- The Washington Times - Wednesday, May 24, 2017

Fox News floundered in the ratings among 25- to 54-year-olds last week on the heels of a record-setting first quarter as audiences within the coveted age range tuned to the competition for prime-time cable news coverage.

More viewers between the ages of 25 and 54 watched MSNBC during the 8 to 11 p.m time slot Monday through Friday last week than CNN or Fox News, Nielsen Research said Monday, as reported by AdWeek — about 611,000 average nightly viewers compared to CNN’s 589,000 and Fox’s 497,000.

The latest numbers mark the best week for MSNBC’s prime-time programming in its 21-year history with respect to audiences in the age range most important to advertisers. Fox News, meanwhile, finished in third place in that category five consecutive days for the first time since June 2000, AdWeek reported.

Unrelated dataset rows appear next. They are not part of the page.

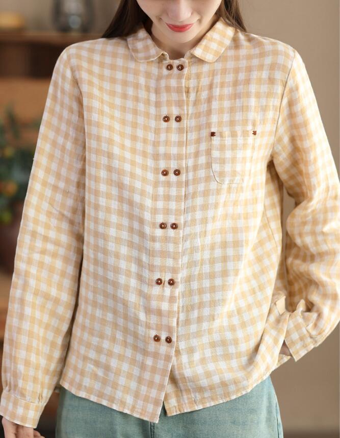 > 新入荷*カジュアル 復古風 シャツ レディース トップス 長袖 ブラウス チェック柄 長袖シャツ 上品 きれいめ 通勤 ビジネス * 黄
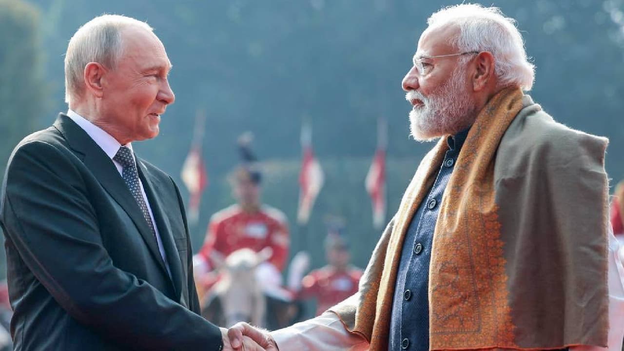 Prime Minister Narendra Modi shakes hands with Russian President Vladimir Putin during a ceremonial welcome at Rashtrapati Bhavan in New Delhi on Friday. President Draupadi Murmu and other dignitaries were also present.
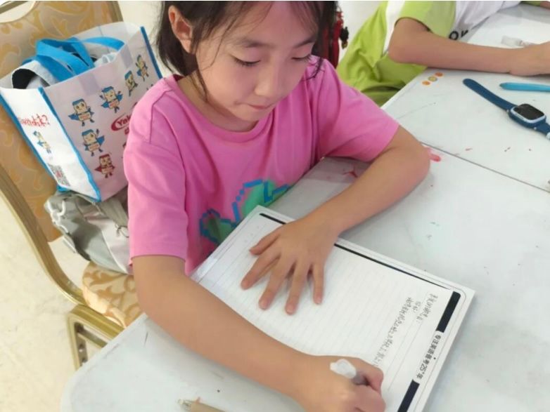 小朋友们认真完成书法作品中
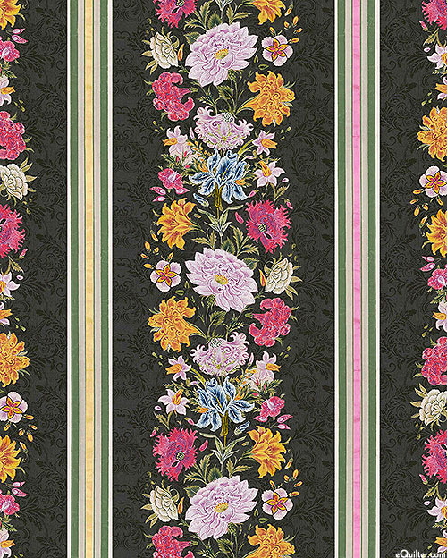 Lush florals bloom boldly between the layers of this stunning striped design. Digitally printed, 'Heritage Floral Stripe' from the 'Heritage Floral' collection by Bloomery Decor for Michael Miller Fabrics.
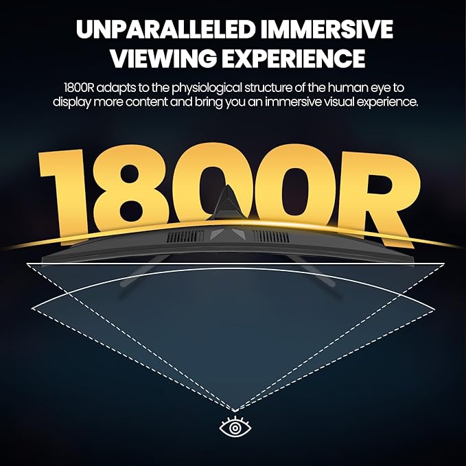 - Immersive 2K Curved QHD Display: The 27-inch 2K curved monitor delivers crisp QHD 2560×1440 resolution and a natural 1800R curve for immersive viewing. Ideal for PC gamers, home offices, or content creators, this monitor offers stunning clarity and a wide field of view—perfect for gaming setups, movie watching, or multitasking workstations
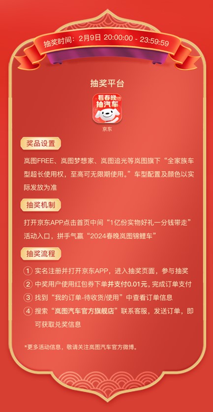 此次参与抽奖的100辆岚图锦鲤车活动十分简单直接。观众只需提前通过手机内置的应用商店搜索“京东”、下载安装京东APP,并完成账号注册即可参与活动。2月9日晚8点开始,只要跟随晚会主持人口播提示,打开京东APP,点击首页中间“1亿份实物好礼一分钱带走”活动入口,即可参与抽取100辆岚图汽车活动。此外,岚图汽车官方平台会不断发布最新动态,欢迎广大用户及时关注并参与抽奖活动。
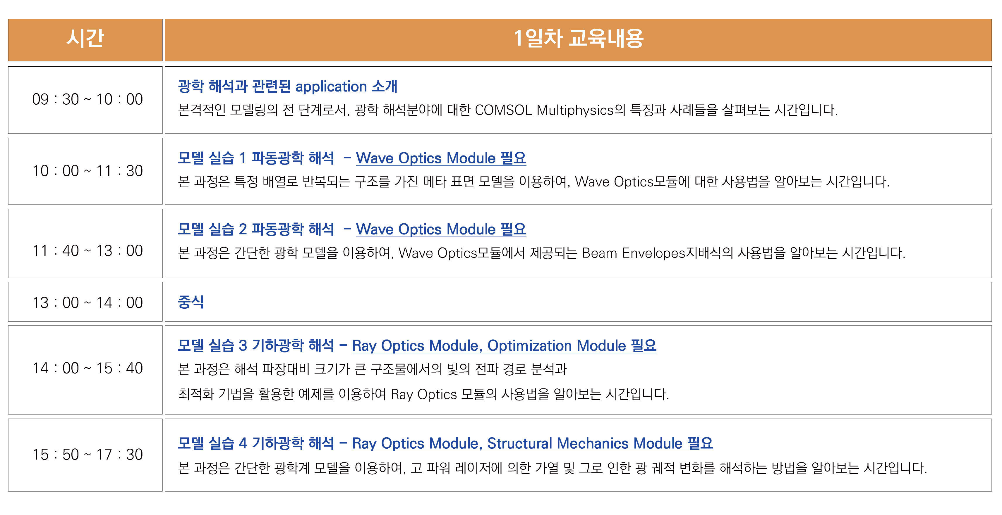 광학 분야에 관련된 모델들을 이용하여 하루 동안 실습 위주로 진행합니다.
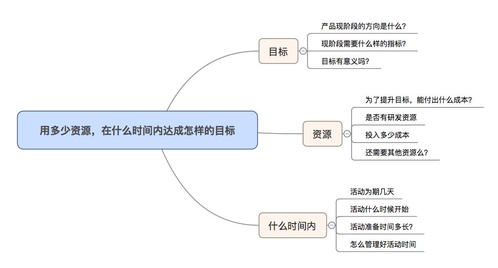 达成什么目标:这应该是最开始的出发点。活动的目的是什么,产品现阶段需要什么,有什么指标要提高?目标可不可以量化,目标与资源的投入产出比是多少?
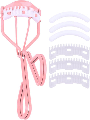 • What items are included in the colored box: 1 eyelash curler with comb, 3 pink replacement combs and 5 pink replacement pads.
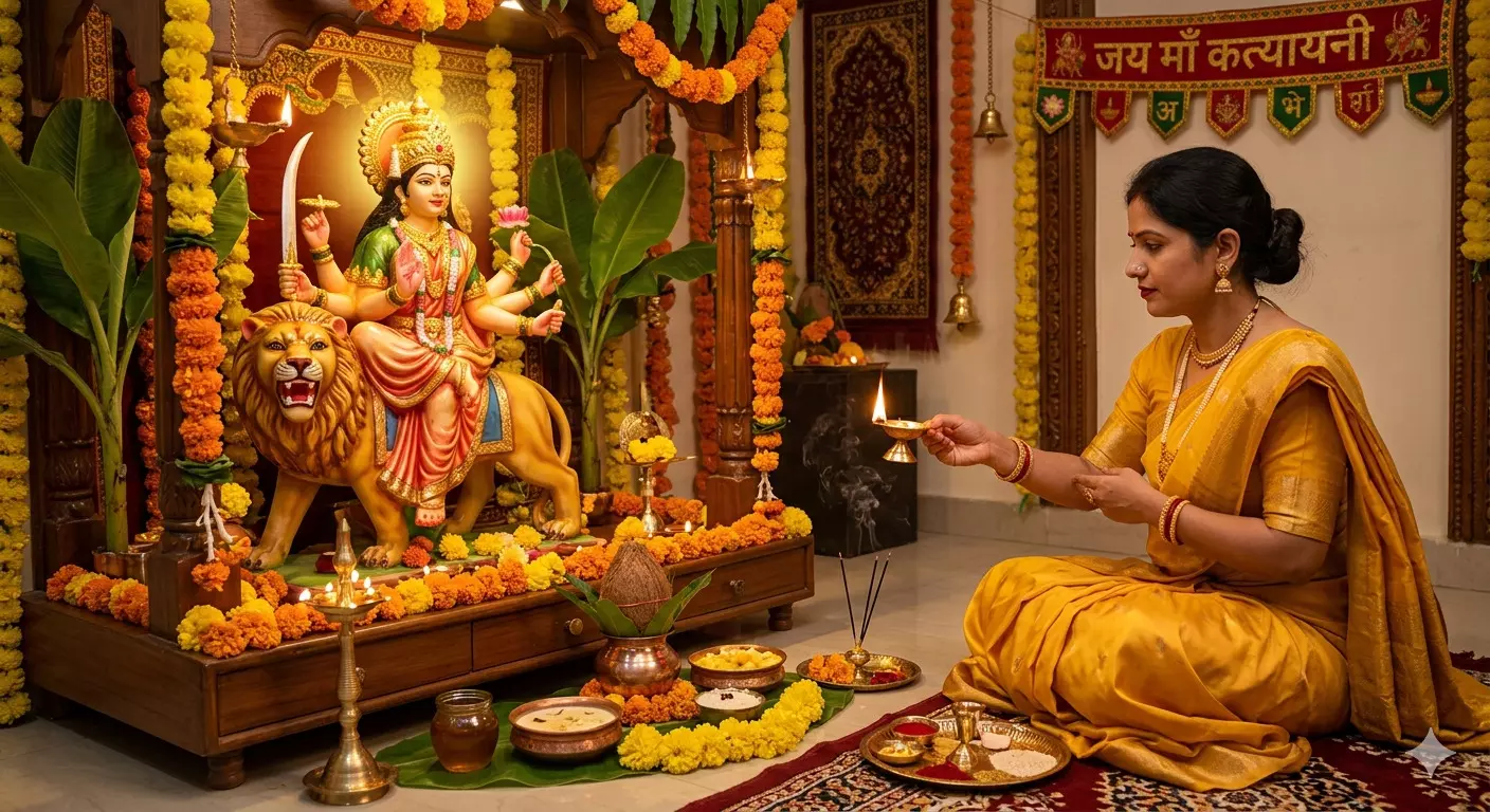 आज के दिन साधक सुबह जल्दी स्नान कर स्वच्छ वस्त्र धारण करते हैं। पूजा स्थल को गंगाजल से शुद्ध कर मां की प्रतिमा के समक्ष घी का दीपक जलाया जाता है। मां को रोली, अक्षत और विशेष रूप से पीले पुष्प अर्पित किए जाते हैं क्योंकि पीला रंग माता को अत्यंत प्रिय है। प्रसाद के रूप में मां कात्यायनी को शहद या शहद से बनी खीर का भोग लगाया जाता है।
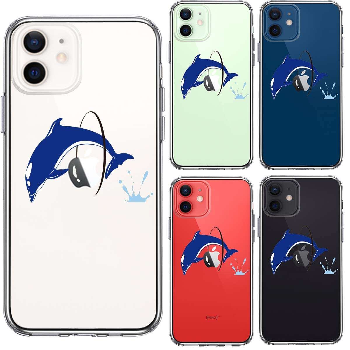 iPhone12mini 側面ソフト 背面ハード ハイブリッド クリア ケース ドルフィン イルカ 輪くぐり
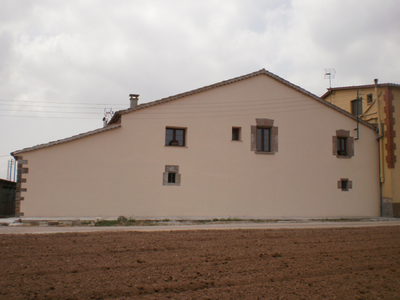 És un edifici de planta rectangular que s'estructura en tres crugies. Consta de planta baixa, pis i golfes i té la coberta a dos vessants amb el carener perpendicular a la façana. El frontis es composa simètricament segons tres eixos d'obertures, totes elles d'arc pla de pedra excepte el portal d'arc de mig punt adovellat. En aquest, la clau està inscrita amb l'any "1608". Les finestres de la planta baixa eren són d'arc pla arrebossat de factura moderna, que en la darrera restauració s'han pintat imitant la pedra. Entre les finestres del pis hi ha un rellotge de sol esgrafiat que ha estat restaurat amb molt d'encert. En haver estat suprimit en nivell de les golfes s'ha tapat la finestra que hi havia. A la façana de llevant s'ha adossat un cos annex d'un sol nivell d'alçat i coberta a una vessant, que tenia un portal d'arc rebaixat ceràmic. Les obertures de la façana posterior estan disposades de forma aleatòria i són d'arc pla, ja sigui arrebossades, de pedra carejada o ceràmica. El revestiment exterior es manté arrebossat i pintat. Al costat de ponent s'hi ha adossat un volum modern que supera en alçada al de la masia.

Despite placing third in prime-time among 25- to 54-year-olds, Fox News still bested both MSNBC and CNN in terms of total viewership last week: Fox News attracted an average of 2.209 million daily viewers last week, compared to 1.857 million for MSNBC and 1.426 million for CNN.

In March, Fox News boasted the highest-rated quarter in cable news history after drawing in an average of 1.72 million daytime viewers and a nightly prime-time audience of about 2.89 million. Scandals have since befallen Fox News and its anchors, however, resulting in a recent prime-time revamping potentially to blame for the latest lackluster ratings.

Fox News fired longtime anchor Bill O’Reilly last month amid a series of sexual harassment allegations and subsequently shuffled fellow conservative pundit Tucker Carlson into the 8 p.m. time slot previously held by “The O’Reilly Factor.”

Fox has also moved “The Five” from 5 to 9 p.m., putting the program and its rotating cast of co-hosts head-to-head with MSNBC’s wildly successful “The Rachel Maddow Show,” last week’s most-watched cable news show with an average audience of 2.9 million viewers, according to Nielsen data.

Fox News host Sean Hannity, meanwhile, attracted controversy in his own right this month for repeatedly peddling a conspiracy theory involving the death of Seth Rich, a slain Democratic National Convention staffer who was murdered last year in Washington, D.C.

Fox News retracted an article about Rich from its website Tuesday amid complaints from the victim’s family, and Mr. Hannity announced hours later that he will no longer discuss the murder “out of respect for the family’s wishes — for now.”